At present, attempts have been made to determine highly sensitive diagnostic and prognostic methods for detecting the involvement of the heart in the pathological process, for example, an elevated troponin level, the evaluation of longitudinal ventricular strain according to echocardiography, and the modification of the MRI criteria have not been successful.

Effective methods for diagnosing heart damage during and after COVID-19 in children have not been determined yet. There is also no complete understanding of the pathophysiological mechanism underlying heart damage during SARS-CoV-2 infection. It is assumed that immune-mediated inflammation in children plays a crucial role in the involvement of the myocardium in the pathological process.

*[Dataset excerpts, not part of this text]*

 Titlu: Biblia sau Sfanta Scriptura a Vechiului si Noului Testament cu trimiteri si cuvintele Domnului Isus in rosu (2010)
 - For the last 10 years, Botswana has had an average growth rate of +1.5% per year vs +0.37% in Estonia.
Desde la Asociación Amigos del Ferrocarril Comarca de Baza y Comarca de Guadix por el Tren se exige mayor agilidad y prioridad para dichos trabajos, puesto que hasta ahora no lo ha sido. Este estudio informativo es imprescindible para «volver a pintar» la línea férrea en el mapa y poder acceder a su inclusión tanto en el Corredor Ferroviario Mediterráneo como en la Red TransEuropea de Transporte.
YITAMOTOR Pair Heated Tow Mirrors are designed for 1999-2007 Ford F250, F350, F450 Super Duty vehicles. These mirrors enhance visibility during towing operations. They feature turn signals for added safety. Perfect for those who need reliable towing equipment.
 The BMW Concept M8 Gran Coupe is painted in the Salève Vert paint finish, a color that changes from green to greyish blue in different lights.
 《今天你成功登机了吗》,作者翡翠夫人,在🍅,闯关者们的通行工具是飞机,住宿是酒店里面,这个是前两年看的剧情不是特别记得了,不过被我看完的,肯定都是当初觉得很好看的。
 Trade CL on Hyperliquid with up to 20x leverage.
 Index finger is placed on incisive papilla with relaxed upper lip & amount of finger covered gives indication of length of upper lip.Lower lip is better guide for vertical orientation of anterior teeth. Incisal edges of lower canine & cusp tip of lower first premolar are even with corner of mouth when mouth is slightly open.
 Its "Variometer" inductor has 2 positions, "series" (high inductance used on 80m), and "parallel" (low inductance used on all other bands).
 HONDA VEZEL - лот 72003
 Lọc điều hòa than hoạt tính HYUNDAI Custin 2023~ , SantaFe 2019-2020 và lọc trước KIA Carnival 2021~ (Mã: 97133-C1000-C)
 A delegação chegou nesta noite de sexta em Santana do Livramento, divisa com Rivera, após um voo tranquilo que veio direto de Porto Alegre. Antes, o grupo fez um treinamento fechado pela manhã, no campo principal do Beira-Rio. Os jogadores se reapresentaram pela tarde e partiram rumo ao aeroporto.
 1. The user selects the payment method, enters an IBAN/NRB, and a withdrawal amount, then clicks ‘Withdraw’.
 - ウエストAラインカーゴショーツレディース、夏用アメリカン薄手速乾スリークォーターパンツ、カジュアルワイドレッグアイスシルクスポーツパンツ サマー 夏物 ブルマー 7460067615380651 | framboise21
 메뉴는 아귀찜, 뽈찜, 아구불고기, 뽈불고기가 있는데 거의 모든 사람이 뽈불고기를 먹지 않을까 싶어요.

However, the direct damaging effect of the virus also contributes both to the development and aggravation of the clinical picture of the infectious process [68,69]. Long-term follow-ups are needed to fully understand the pathophysiological mechanisms and long-term prognosis in children with a cardiac injury from COVID-19 [68].

There is no doubt that studying and understanding the pathogenetic mechanisms of myocardial injury in children with COVID-19 will help in predicting and identifying patients at increased risk of heart injury, thereby accelerating their early treatment and prevention of complications.